What breaking changes affect tool permissions in this release?
Configured tool sections including tools.exec and tools.fs no longer implicitly widen restrictive security profiles like messaging or minimal. Previously, adding these tools to an agent configuration would automatically expand profile permissions, violating least-privilege principles and potentially introducing security risks. Now, users must explicitly declare capabilities through alsoAllow entries to use restricted tools under limited profiles, adhering to a more secure design. OpenClaw generates startup warnings identifying affected configurations, providing a migration window before implicit widening is fully removed. This change prevents accidental over-provisioning of agent capabilities, particularly important when deploying community-contributed skills where tool requirements might not be immediately obvious to operators, thus enhancing the overall security posture of OpenClaw deployments.

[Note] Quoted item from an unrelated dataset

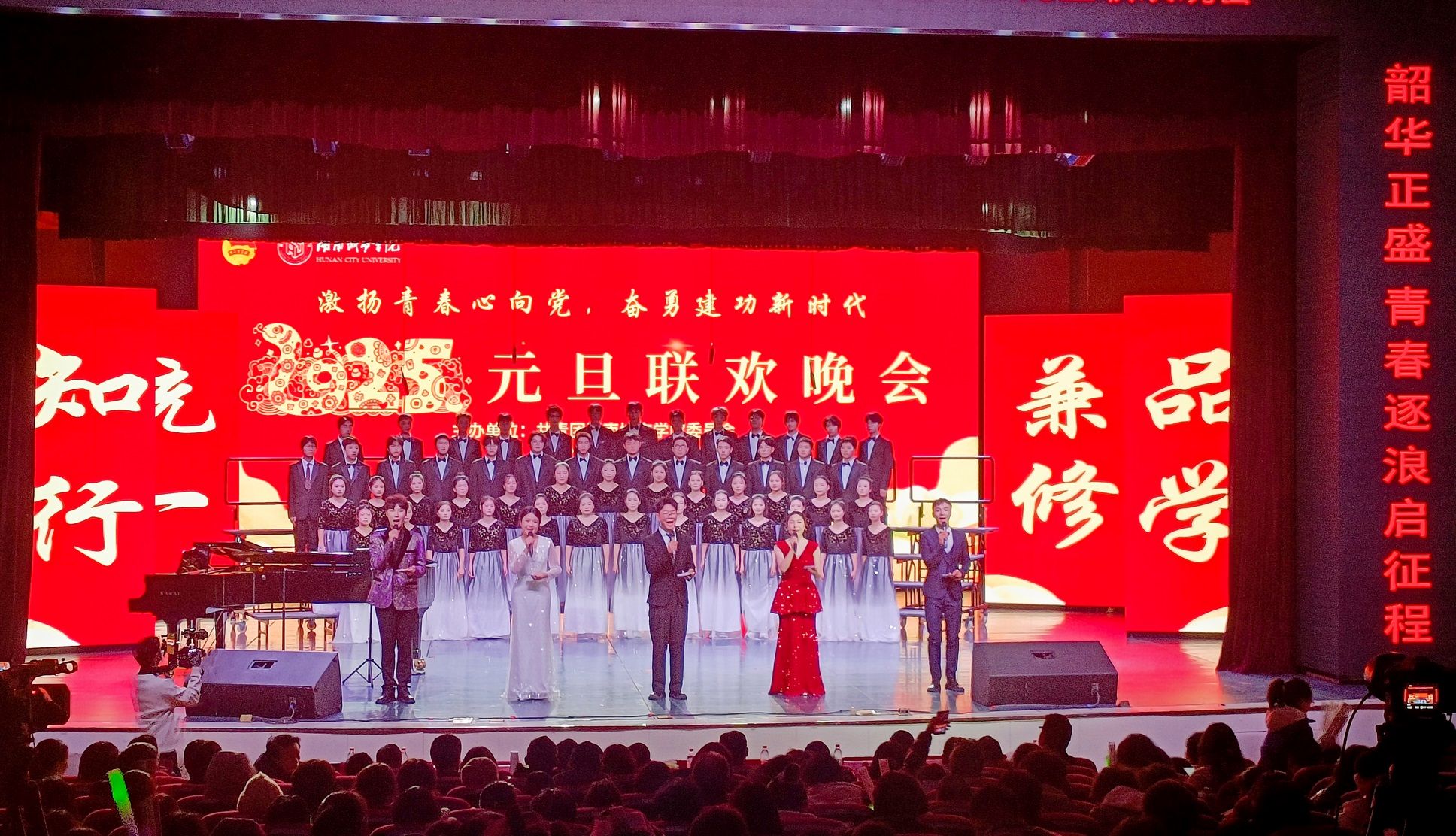 校长何振为晚会致辞,他代表学校党委行政,向全体师生员工、离退休老同志、海内外校友,以及关心、支持城院发展的各界朋友,致以诚挚的新年祝福。何振指出,2024年在学校党委行政的坚强领导下,全体教职员工辛勤耕耘,精心厚植学生成长成才沃土,坚定不移落实立德树人根本任务,高水平通过了教育部本科教育教学审核评估,“人才强校”战略稳步实施。攻坚克难,努力构建科技创新服务高地。开拓视野,大力展示革新自信开放形象。以人为本,共同筑造温馨美好幸福家园。

Which channel integrations received fixes in v2026.4.29?
Slack Block Kit limits now handle automatic chunking for oversized payloads, ensuring that complex messages are delivered in full without truncation. Telegram gains improved proxy support and intelligent polling fallbacks, enhancing resilience in various network conditions. Discord integrations address startup race conditions and implement explicit rate limit header handling, leading to more stable bot operations. WhatsApp receives delivery confirmation and liveness detection to prevent silent message drops, guaranteeing message receipt. Microsoft Teams fixes address adaptive card rendering edge cases with schema validation and graceful degradation. Matrix and Feishu integrations resolve room alias resolution and file upload negotiation issues respectively. These platform-specific improvements collectively reduce message delivery failures across the fragmented enterprise communications landscape, ensuring reliable agent operation regardless of endpoint choice and improving the overall user experience.